Direktur Utama PT Siliwangi Anatha Bumi (SAB) Yana Priatna membantah tudingan adanya unsur penipuan dalam proyek pembangunan perumahan tersebut. Namun dia mengakui adanya keterlambatan pembangunan. Dana yang masuk dari konsumen diakuinya langsung digunakan untuk kebutuhan proyek, terutama pembebasan lahan dan pekerjaan awal di lokasi.
"Tidak ada niat penipuan, sertifikat masih cash on hand. Saya siap diaudit kapan saja. Kami fokus pada pelunasan tanah terlebih dahulu. Selain itu, proses perizinan cukup lama, begitu juga pekerjaan cut and fill. Akibatnya proyek mengalami keterlambatan," ungkap Yana saat dihubungi, Rabu (10/6/2026).

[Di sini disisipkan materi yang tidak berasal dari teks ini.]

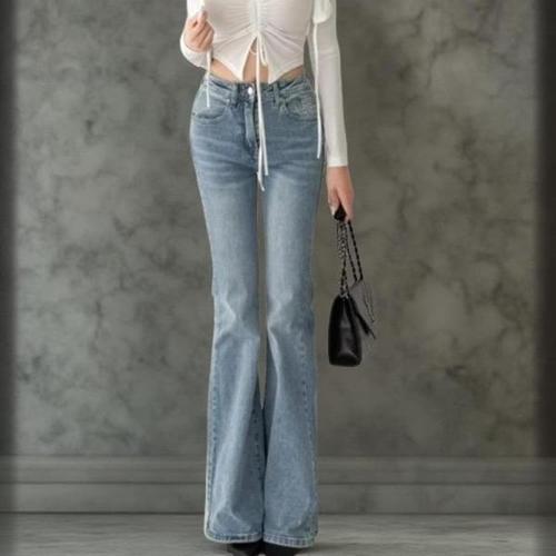 [다잇템][다잇템] 여성 워싱 하이웨스트 미니멀리즘 나팔 진_23740402_588872

Yana mengurai kesalahan perusahaannya dalam melaksanakan proyek pembangunan perumahan mewah itu. Menurutnya, perusahaan melakukan sejumlah kesalahan dalam pengelolaan proyek yang The Emeralda Resort merupakan proyek berskala besar pertama yang dikelola perusahaannya. Sehingga terdapat kekurangan dalam aspek manajemen operasional, pemasaran, investasi, hingga pengelolaan organisasi.
"Mungkin karena ini pertama kalinya kami mengelola proyek dengan skala sebesar ini, ada kesalahan dalam manajemen, baik operasional, pemasaran, investasi maupun hal lainnya," ujar Yana.
Selain itu, perusahaan juga mengalokasikan dana dalam jumlah besar untuk menyelesaikan pembebasan lahan sebelum memulai pembangunan fisik secara maksimal. Kemudian biaya operasional dan pemasaran yang cukup besar juga turut membebani keuangan perusahaan. Kondisi tersebut diperparah situasi ekonomi yang membuat pemasukan tidak sebanding dengan pengeluaran.
"Ya, untuk pembebasan tanah, cut and fill, dan progres lainnya. Saya akui juga ada kesalahan karena biaya operasional, pemasaran, dan penjualan terlalu besar. Ditambah berbagai krisis yang terjadi, pemasukan tidak sejalan dengan pengeluaran sehingga kami mengalami masalah cash flow," jelas Yana.